At the recent Conference on Interaction and Confidence-Building Measures in Asia (CICA) summit, Xi Jinping appealed to the Five Principles in outlining his vision for a future Asian security order. “The five principles that China initiated together with India and Myanmar have become a basic norm governing state-to-state relations,” he declared. “China’s peaceful development begins here in Asia, finds its support in Asia, and delivers tangible benefits to Asia,” Xi added in an attempt to sell his vision of an Asian security architecture made by Asians, for Asians.
For Xi Jinping — who is most interested in helping China acquire some normative weight in international affairs — the Five Principles embody China’s best contribution to heterodox international relations with a unique Asian flavor. In particular, if China is to offer a compelling model of regional leadership, different from that of the United States in Asia, it can begin with these principles. Unfortunately, the Five Principles fall somewhat short in actually explaining recent Chinese adventurism in the East and South China Seas where China is engaged in disputes with several countries. Even Zhou and Nehru would come to learn of the hollowness of these principles when their two countries fought a war eight years after boldly pledging “peaceful coexistence.”
The focus on the anniversary of the Five Principles is also being used by Beijing to bolster its “reset” in foreign policy with India. As Ananath Krishnan reports in The Hindu, China’s government and media are rather keen on maintaining good relations with India with the right-wing Hindu nationalist government in power there. Chinese Foreign Minister Wang Yi’s trip to New Delhi was described as a visit of “great significance” by China’s Foreign Ministry. By inviting India’s vice president to Beijing to commemorate the sixtieth anniversary of the Five Principles, Xi sends a message of pan-Asian solidarity to New Delhi. Indeed, during Wang’s visit, some of the official rhetoric used by the Chinese foreign minister hearkened back to the post-colonial solidarity that existed between Indian and Chinese leaders in the 1950s, prior to their 1962 war. Vice President Ansari’s upcoming visit marks the first trip to China by a senior Indian official following this year’s general elections.
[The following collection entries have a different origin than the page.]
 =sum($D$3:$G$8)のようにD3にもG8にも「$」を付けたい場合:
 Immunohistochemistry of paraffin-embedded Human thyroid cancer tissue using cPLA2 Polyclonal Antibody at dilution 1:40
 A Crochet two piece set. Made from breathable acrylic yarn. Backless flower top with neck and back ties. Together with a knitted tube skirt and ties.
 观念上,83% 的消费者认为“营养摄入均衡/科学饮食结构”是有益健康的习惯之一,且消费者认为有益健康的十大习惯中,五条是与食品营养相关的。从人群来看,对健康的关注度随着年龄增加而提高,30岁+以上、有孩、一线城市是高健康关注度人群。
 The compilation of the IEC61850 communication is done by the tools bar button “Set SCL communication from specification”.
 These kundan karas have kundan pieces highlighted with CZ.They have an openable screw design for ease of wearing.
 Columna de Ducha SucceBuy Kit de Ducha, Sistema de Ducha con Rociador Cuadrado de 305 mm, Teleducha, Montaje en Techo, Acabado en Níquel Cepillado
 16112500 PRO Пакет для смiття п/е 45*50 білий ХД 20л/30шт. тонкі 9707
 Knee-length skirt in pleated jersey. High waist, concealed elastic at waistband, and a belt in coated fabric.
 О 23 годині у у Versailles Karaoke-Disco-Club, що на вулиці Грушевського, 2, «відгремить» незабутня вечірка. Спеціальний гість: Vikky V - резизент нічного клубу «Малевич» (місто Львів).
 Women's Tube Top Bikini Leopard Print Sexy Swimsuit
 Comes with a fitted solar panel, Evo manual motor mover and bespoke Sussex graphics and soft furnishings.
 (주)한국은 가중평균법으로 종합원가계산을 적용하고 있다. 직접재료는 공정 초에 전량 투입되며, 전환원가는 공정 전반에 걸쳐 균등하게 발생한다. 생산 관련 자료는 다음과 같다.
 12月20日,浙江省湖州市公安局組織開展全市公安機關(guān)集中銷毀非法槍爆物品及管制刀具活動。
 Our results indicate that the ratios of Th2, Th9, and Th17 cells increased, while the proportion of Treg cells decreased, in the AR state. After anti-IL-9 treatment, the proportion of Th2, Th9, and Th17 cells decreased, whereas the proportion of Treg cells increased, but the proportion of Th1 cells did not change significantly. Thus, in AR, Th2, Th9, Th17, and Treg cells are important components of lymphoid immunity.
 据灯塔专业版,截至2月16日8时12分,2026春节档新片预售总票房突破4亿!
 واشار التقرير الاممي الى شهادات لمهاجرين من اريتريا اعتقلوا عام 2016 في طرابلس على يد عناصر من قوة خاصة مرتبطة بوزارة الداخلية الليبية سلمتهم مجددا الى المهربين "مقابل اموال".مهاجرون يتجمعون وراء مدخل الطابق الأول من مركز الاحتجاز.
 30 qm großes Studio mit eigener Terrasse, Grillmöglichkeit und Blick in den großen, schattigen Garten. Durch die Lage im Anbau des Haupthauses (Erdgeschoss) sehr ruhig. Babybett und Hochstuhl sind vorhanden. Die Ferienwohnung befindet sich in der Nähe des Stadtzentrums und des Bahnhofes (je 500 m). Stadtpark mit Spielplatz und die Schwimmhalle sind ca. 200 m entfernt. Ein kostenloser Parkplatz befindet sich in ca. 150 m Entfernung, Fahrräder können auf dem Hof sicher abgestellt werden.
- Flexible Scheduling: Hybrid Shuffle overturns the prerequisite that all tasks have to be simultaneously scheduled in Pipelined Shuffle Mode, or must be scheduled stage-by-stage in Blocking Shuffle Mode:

China needs to find its way to regional and global leadership without raising fears of hegemonic intentions. While it might not be doing so well given its generally provocative posture along the East Asian rimland, it sees some value in highlighting the pan-Asian nature of the Five Principles that stand at the center of its foreign policy. China’s principles may have weathered their first 60 years with relatively little issue, but as China rises to global prominence, it may find that the principles it enshrines as the pillars of its foreign policy are incompatible with its preferred means of pursuing its national interest.